Balance and hearing deficits in mice with a null mutation in the gene encoding plasma membrane Ca2+-ATPase isoform 2.

Plasma membrane Ca2+-ATPase isoform 2 (PMCA2) exhibits a highly restricted tissue distribution, suggesting that it serves more specialized physiological functions than some of the other isoforms. A unique role in hearing is indicated by the high levels of PMCA2 expression in cochlear outer hair cells and spiral ganglion cells. To analyze the physiological role of PMCA2 we used gene targeting to produce PMCA2-deficient mice. Breeding of heterozygous mice yielded live homozygous mutant offspring.
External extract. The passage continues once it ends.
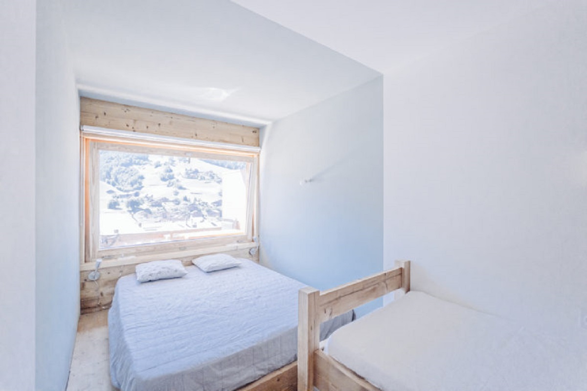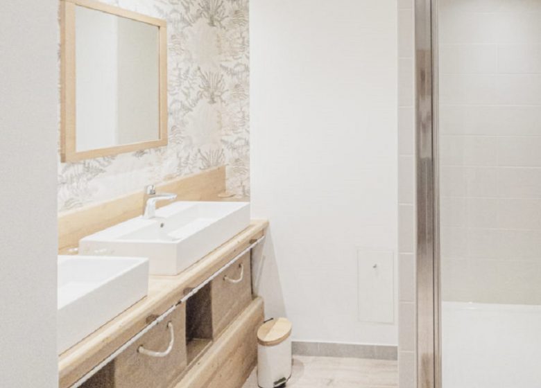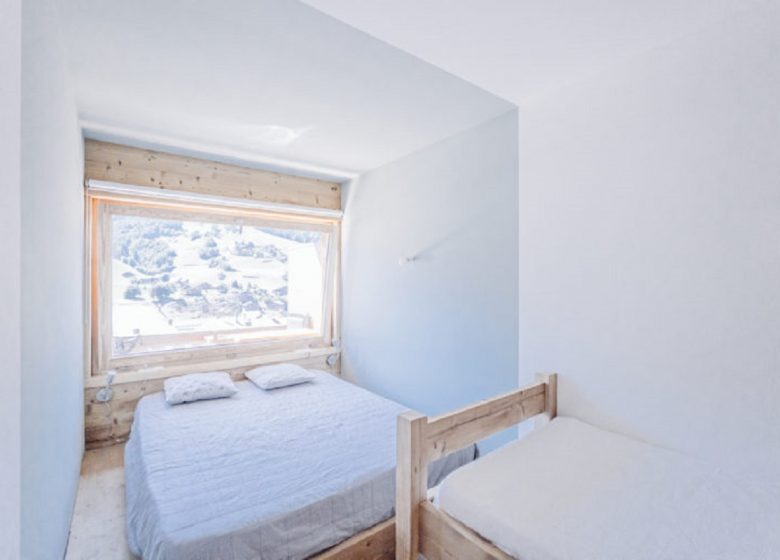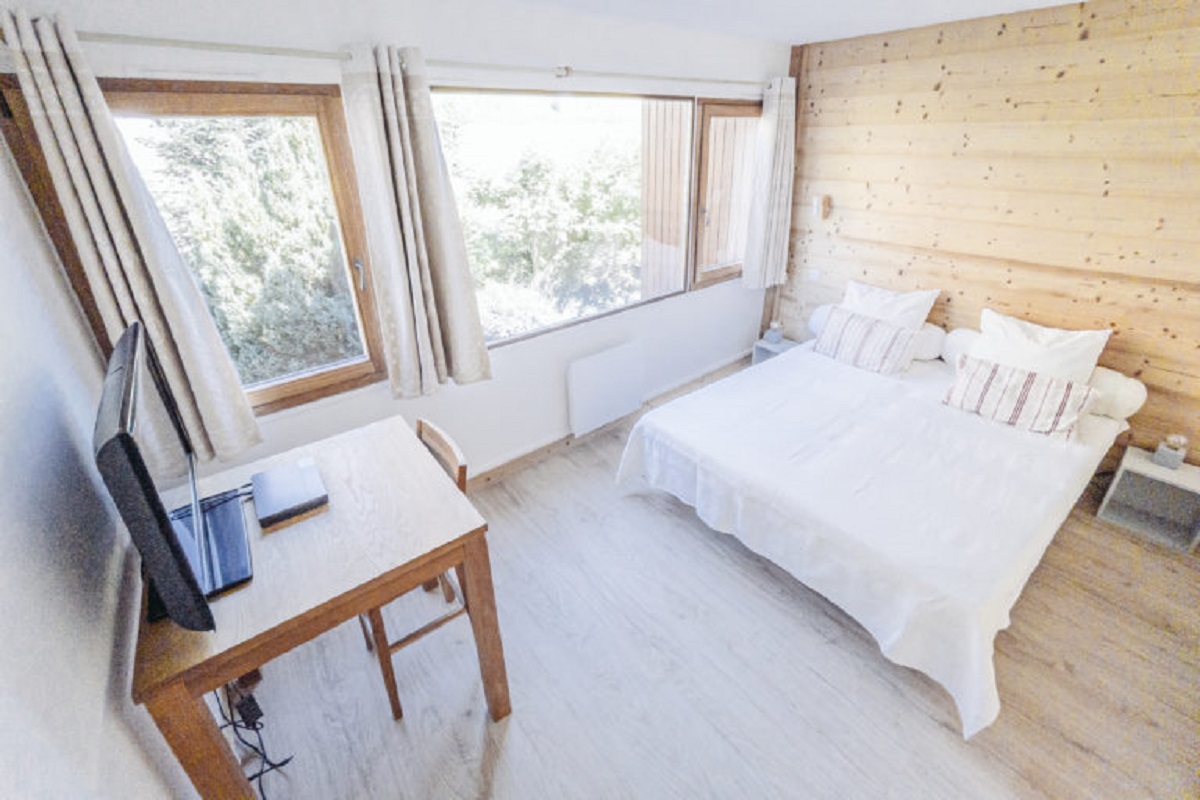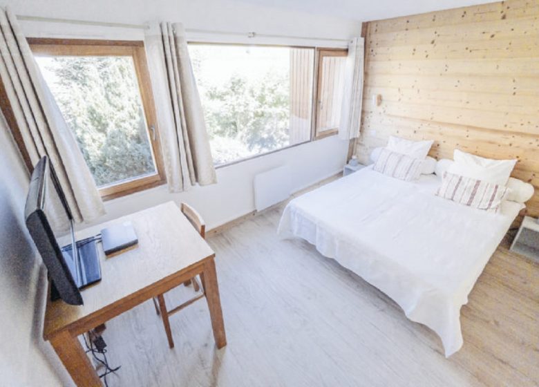 - une chambre avec 2 lits en 80×200 pouvant être regroupé en 1 couchage double de 160×200 ( 2 couettes 150×200 et 2 oreillers 65×65), un bureau, une télé avec lecteur dvd et un dressing,

PMCA2-null mice grow more slowly than heterozygous and wild-type mice and exhibit an unsteady gait and difficulties in maintaining balance. Histological analysis of the cerebellum and inner ear of mutant and wild-type mice revealed that null mutants had slightly increased numbers of Purkinje neurons (in which PMCA2 is highly expressed), a decreased thickness of the molecular layer, an absence of otoconia in the vestibular system, and a range of abnormalities of the organ of Corti. Analysis of auditory evoked brainstem responses revealed that homozygous mutants were deaf and that heterozygous mice had a significant hearing loss. These data demonstrate that PMCA2 is required for both balance and hearing and suggest that it may be a major source of the calcium used in the formation and maintenance of otoconia.